Step 1: Identify the Caching Layer and Behavior
步骤1:识别缓存层及其行为
Determine what caching infrastructure is in use and how the cache key is constructed.
Check cache-related response headers
检查与缓存相关的响应头
Common cache indicators:
常见缓存标识:
X-Cache: HIT / MISS
X-Cache: HIT / MISS
CF-Cache-Status: HIT / MISS / DYNAMIC (Cloudflare)
CF-Cache-Status: HIT / MISS / DYNAMIC (Cloudflare)

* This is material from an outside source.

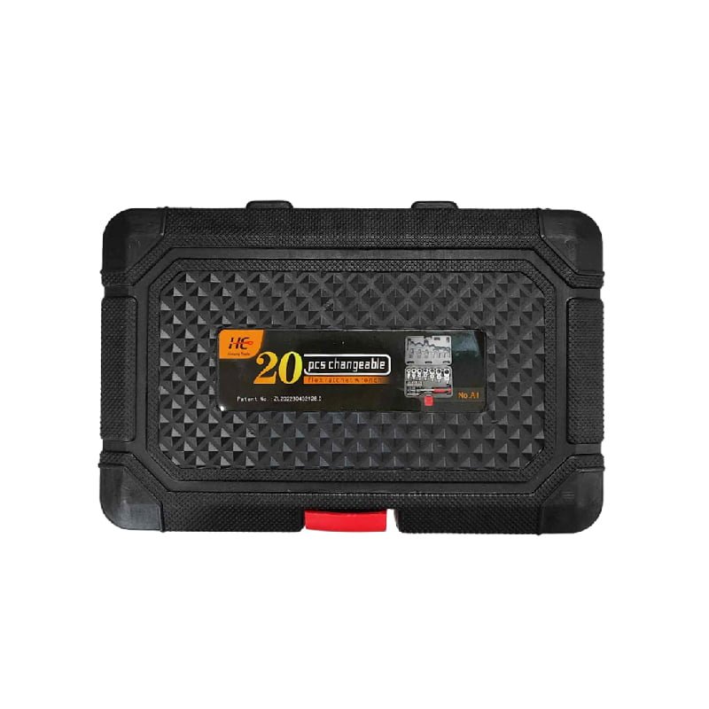 Αυτό το σετ ξεχωρίζει καθώς έχει ακριβή σχεδιασμό, απλή λειτουργία και είναι πολύ βολικό στη χρήση σε μικρούς χώρους. Είναι κατασκευασμένο από υψηλής ποιότητας ατσάλι χρώμιο βαναδίου, επιχρωμιωμένο στην επιφάνεια, με υψηλή σκληρότητα, υψηλή ροπή και καλή σκληρότητα. Είναι βολικό να χρησιμοποιείτε το κλειδί για να επιτύχετε περιστροφή προς τα εμπρός σε διάφορες χωρικές γωνίες και να συνειδητοποιήσετε τη χρήση θετικής και αρνητικής αναστροφής. Έχει πολύ εύκολη χρήση και λειτουργία. Πατήστε το κουμπί και μπορείτε να αλλάξετε τις προδιαγραφές του κλειδιού που χρειάζεστε.

Age: 120 (seconds since cached)
Age: 120(缓存已生成的秒数)
X-Varnish: 12345 67890 (Varnish)
X-Varnish: 12345 67890 (Varnish)
Via: 1.1 varnish (Varnish/CDN proxy)
Via: 1.1 varnish (Varnish/CDN代理)
Determine cache key by testing variations
通过测试变体确定缓存键
Cache key typically includes: Host + Path + Query string
缓存键通常包含:Host + 路径 + 查询字符串
Test 1: Same URL, two requests - check if second is cached
测试1:相同URL,发送两次请求 - 检查第二次是否命中缓存
First: MISS, Second: HIT = caching is active
第一次:MISS,第二次:HIT = 缓存已激活
Test 2: Vary header behavior
测试2:Vary请求头行为
Vary: Accept-Encoding means Accept-Encoding is part of cache key
Vary: Accept-Encoding 表示Accept-Encoding是缓存键的一部分
Step 2: Discover Unkeyed Inputs with Param Miner
步骤2:使用Param Miner发现未加入缓存键的输入
Use Burp's Param Miner to find headers and parameters not included in the cache key but reflected in responses.
借助Burp的Param Miner查找未被纳入缓存键但会在响应中被反射的请求头和参数。
In Burp Suite:
在Burp Suite中:
1. Install Param Miner from BApp Store
1. 从BApp Store安装Param Miner
2. Right-click target request > Extensions > Param Miner > Guess headers
2. 右键点击目标请求 > Extensions > Param Miner > Guess headers
3. Param Miner will test hundreds of HTTP headers
3. Param Miner会测试数百个HTTP请求头
4. Check results in Extender > Extensions > Param Miner > Output
4. 在Extender > Extensions > Param Miner > Output中查看结果
Common unkeyed headers to test manually:
可手动测试的常见未加入缓存键的请求头:
X-Forwarded-Host, X-Forwarded-Scheme, X-Forwarded-Proto
X-Forwarded-Host, X-Forwarded-Scheme, X-Forwarded-Proto
X-Original-URL, X-Rewrite-URL
X-Original-URL, X-Rewrite-URL
X-Host, X-Forwarded-Server
X-Host, X-Forwarded-Server
Origin, Referer
Origin, Referer
X-Forwarded-For, True-Client-IP
X-Forwarded-For, True-Client-IP
Manual testing for unkeyed header reflection
手动测试未加入缓存键的请求头反射
Add cache buster to isolate testing
添加缓存破坏参数以隔离测试
CB="cachebuster=$(date +%s)"
CB="cachebuster=$(date +%s)"
Test X-Forwarded-Host reflection
测试X-Forwarded-Host的反射
Test X-Forwarded-Scheme
测试X-Forwarded-Scheme
Test X-Original-URL (path override)
测试X-Original-URL(路径覆盖)
Test X-Forwarded-Proto
测试X-Forwarded-Proto
Step 3: Exploit Unkeyed Header for Cache Poisoning
步骤3:利用未加入缓存键的请求头实施缓存污染
Craft requests that poison cached responses with malicious content.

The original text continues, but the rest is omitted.